● **WHAT IS REQUIRED**
Emit a verbatim copy of the lines below from the line with "Beurer EM 49" through the line with "The plot of", excluding pictures and everything outside that range.

● **RECORDS FOR PROCESSING**

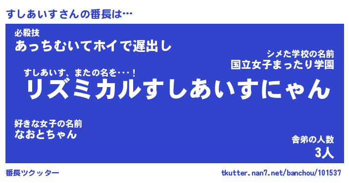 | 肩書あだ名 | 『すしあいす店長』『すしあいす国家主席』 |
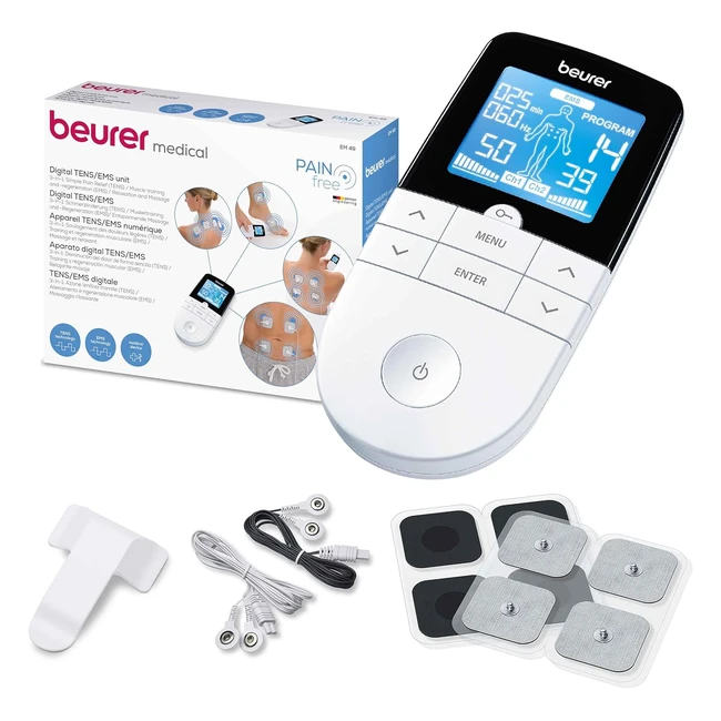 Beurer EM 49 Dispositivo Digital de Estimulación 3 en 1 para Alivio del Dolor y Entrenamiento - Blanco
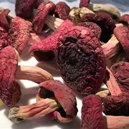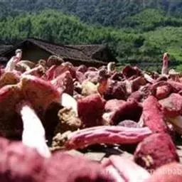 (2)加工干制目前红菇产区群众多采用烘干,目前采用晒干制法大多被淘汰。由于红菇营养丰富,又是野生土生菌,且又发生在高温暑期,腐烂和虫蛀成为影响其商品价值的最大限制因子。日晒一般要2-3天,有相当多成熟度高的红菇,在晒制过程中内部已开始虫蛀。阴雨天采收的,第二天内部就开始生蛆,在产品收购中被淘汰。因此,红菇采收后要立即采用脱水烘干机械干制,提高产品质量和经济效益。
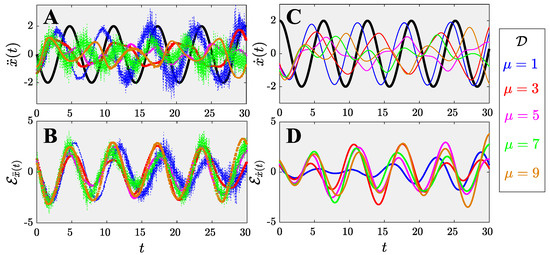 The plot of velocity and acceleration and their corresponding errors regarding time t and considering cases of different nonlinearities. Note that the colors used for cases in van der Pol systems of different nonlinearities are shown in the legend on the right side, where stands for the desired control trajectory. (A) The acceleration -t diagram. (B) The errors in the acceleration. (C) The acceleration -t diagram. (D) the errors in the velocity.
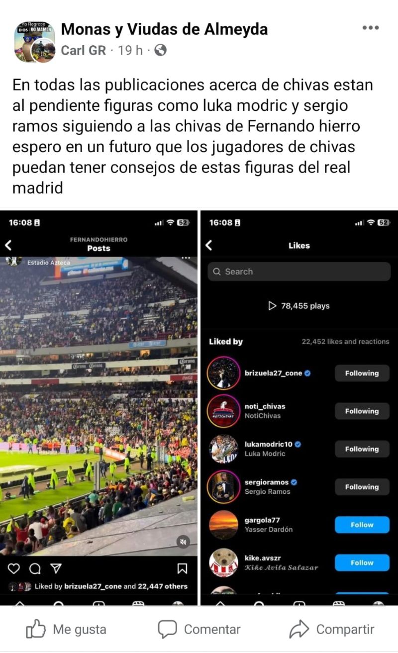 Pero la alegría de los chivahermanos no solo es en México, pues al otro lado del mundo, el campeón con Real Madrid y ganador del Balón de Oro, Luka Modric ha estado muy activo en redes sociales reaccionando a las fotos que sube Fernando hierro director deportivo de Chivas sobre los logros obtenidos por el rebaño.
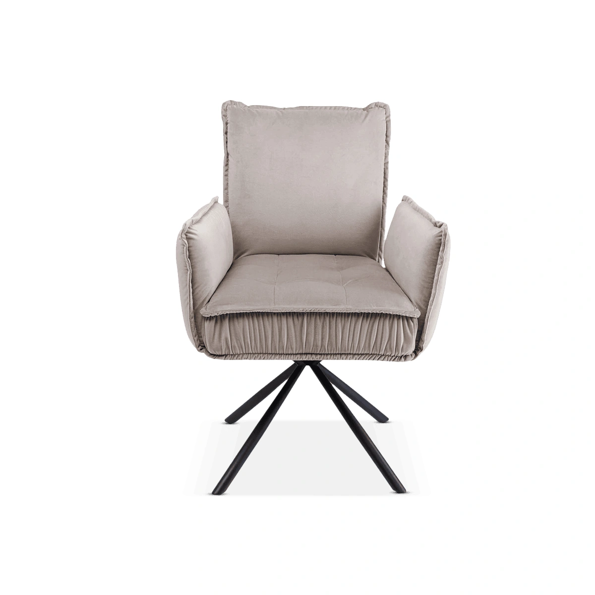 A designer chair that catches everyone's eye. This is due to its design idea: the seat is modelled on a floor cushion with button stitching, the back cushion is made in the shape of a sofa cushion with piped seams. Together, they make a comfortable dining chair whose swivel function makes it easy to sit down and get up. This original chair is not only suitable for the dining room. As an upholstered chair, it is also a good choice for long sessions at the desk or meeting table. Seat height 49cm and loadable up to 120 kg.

● **PROBLEM SOLUTION**
 Beurer EM 49 Dispositivo Digital de Estimulación 3 en 1 para Alivio del Dolor y Entrenamiento - Blanco
 (2)加工干制目前红菇产区群众多采用烘干,目前采用晒干制法大多被淘汰。由于红菇营养丰富,又是野生土生菌,且又发生在高温暑期,腐烂和虫蛀成为影响其商品价值的最大限制因子。日晒一般要2-3天,有相当多成熟度高的红菇,在晒制过程中内部已开始虫蛀。阴雨天采收的,第二天内部就开始生蛆,在产品收购中被淘汰。因此,红菇采收后要立即采用脱水烘干机械干制,提高产品质量和经济效益。
 The plot of velocity and acceleration and their corresponding errors regarding time t and considering cases of different nonlinearities. Note that the colors used for cases in van der Pol systems of different nonlinearities are shown in the legend on the right side, where stands for the desired control trajectory. (A) The acceleration -t diagram. (B) The errors in the acceleration. (C) The acceleration -t diagram. (D) the errors in the velocity.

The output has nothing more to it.